For me, it began with a letter to the editor.

"Since the [Triumph] TR8 in the article was a convertible," said the reader, "the girl in the photo should have been topless also. Try to do better next time."

The reply: "And when we test a car with a moonroof? - Ed."

This was my late-Seventies introduction to Car and Driver, the one automotive magazine that's been a constant in my mailbox for two decades and more. And while the identity of Ed. has changed over the years, the mission of C/D has never wavered: Driving ought to be fun, and cars ought to contribute to that fun, and people who get in the way of that fun, be they on the road or in a government office, need to be identified and dispatched to the slow lane.

One of the hallmarks of C/D has been an absolute refusal to accept dogma handed down from on high. In the Seventies, to get some unfiltered data on the dangers of drunk driving, the magazine rented a test site, got some of its staffers soused, and measured their driving proficiency at various levels of inebriation. The published results — basically, "this stuff is obviously bad for you, but not everyone is impaired at exactly the same rate" — were sufficiently offensive to Big Brother to encourage C/D to repeat the test in the early Eighties with a different drug: marijuana. The results, unsurprisingly, were about the same.

It should surprise no one that this fearlessness has gotten them in a lot of trouble with the sort of kinder, gentler fascists that tend to accumulate in government departments and in "independent" organizations with axes to grind. C/D doesn't care. When the fracas over Ford Explorers and Firestone tires came to a head, C/D bought an Explorer, rigged up a system whereby a tire could be instantly blown by remote control, and watched for signs of rollover. There weren't any. Why are all those Explorers turning up topsy-turvy? Editor-in-chief Csaba Csere isn't assigning any blame, but I believe (and I suspect Csere does too) that this is natural selection in action.

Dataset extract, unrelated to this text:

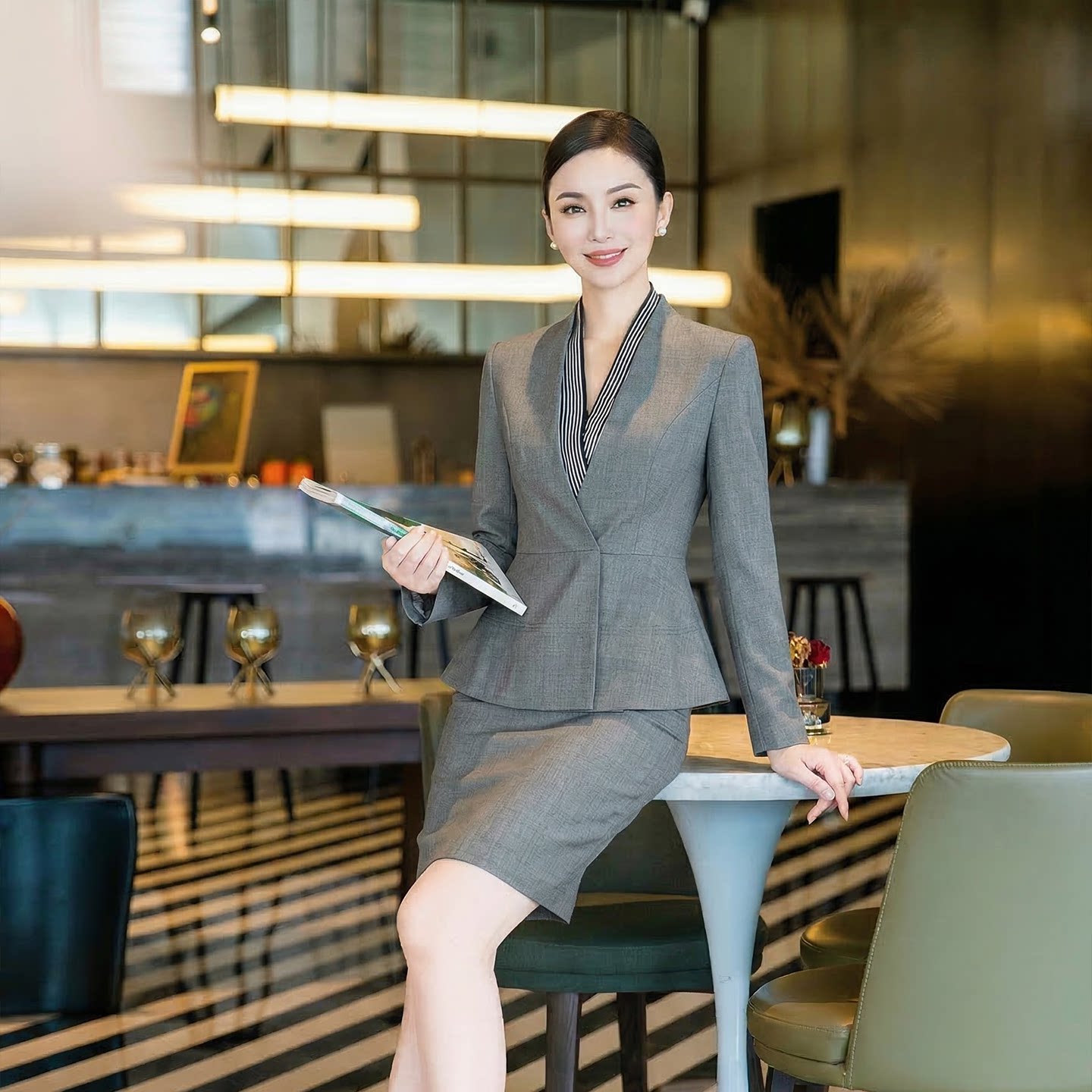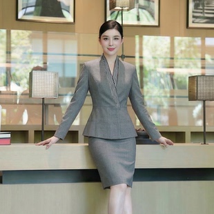 职业装 女长袖 OL通勤两件套高级感工作服 套装 灰色西装

A common theme at Car and Driver is society's apparent willingness to make the many suffer for the sins of the few. So they opposed attempts to tighten the drunk-driving blood/alcohol content standard to 0.08 percent, pointing out that drivers between 0.08 and 0.10 (the previous standard), by the proponents' own statistics, cause a lot fewer fatalities than drivers way over the limit; in fact, the average BAC for a driver involved in a fatal accident is a whopping 0.18 — and the majority of automotive fatalities don't involve alcohol at all. Not that any of the New Prohibitionists care about little details like that. Neither do the Greens, which embrace expensive smog tests and increasingly-tight emissions controls despite the fact that the vast majority of pollutants of automotive origin come from a relative handful of grossly out-of-tune cars. Donald Stedman, of the University of Denver, the inventor of remote pollution sensors (which the EPA spurns because they can be run without a whole lot of bureaucracy attached), was consulted for the February 2001 C/D, and he reports that in his neck of the woods, half of the pollution comes from a mere 5 percent of the cars; the worst 1 percent produces a full third of all auto emissions. Tightening the screws on automakers will have absolutely zero effect on this situation, and routine "smog checks" are subject to all manner of subterfuge, but apparently it's more important to appear to be doing something than actually to be doing something.

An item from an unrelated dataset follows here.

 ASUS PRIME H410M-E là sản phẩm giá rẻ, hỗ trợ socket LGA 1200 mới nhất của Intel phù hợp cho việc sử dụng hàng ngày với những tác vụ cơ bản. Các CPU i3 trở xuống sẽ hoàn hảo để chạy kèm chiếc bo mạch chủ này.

I mention all these political stances just in case you thought it was the job of a car magazine to test cars. Certainly C/D tests cars, also trucks, minivans and SUVs, and occasionally, um, other vehicles; in February, they reviewed a Trident-class nuclear submarine. (Power, 60,000 hp; top speed, 28 mph submerged.) But man does not drive by test results alone, and considering how close we came to electing a man with a morbid fear of the internal-combustion engine to the Presidency, it's clear to me — and to Car and Driver — that an open mind is just as important as an open road.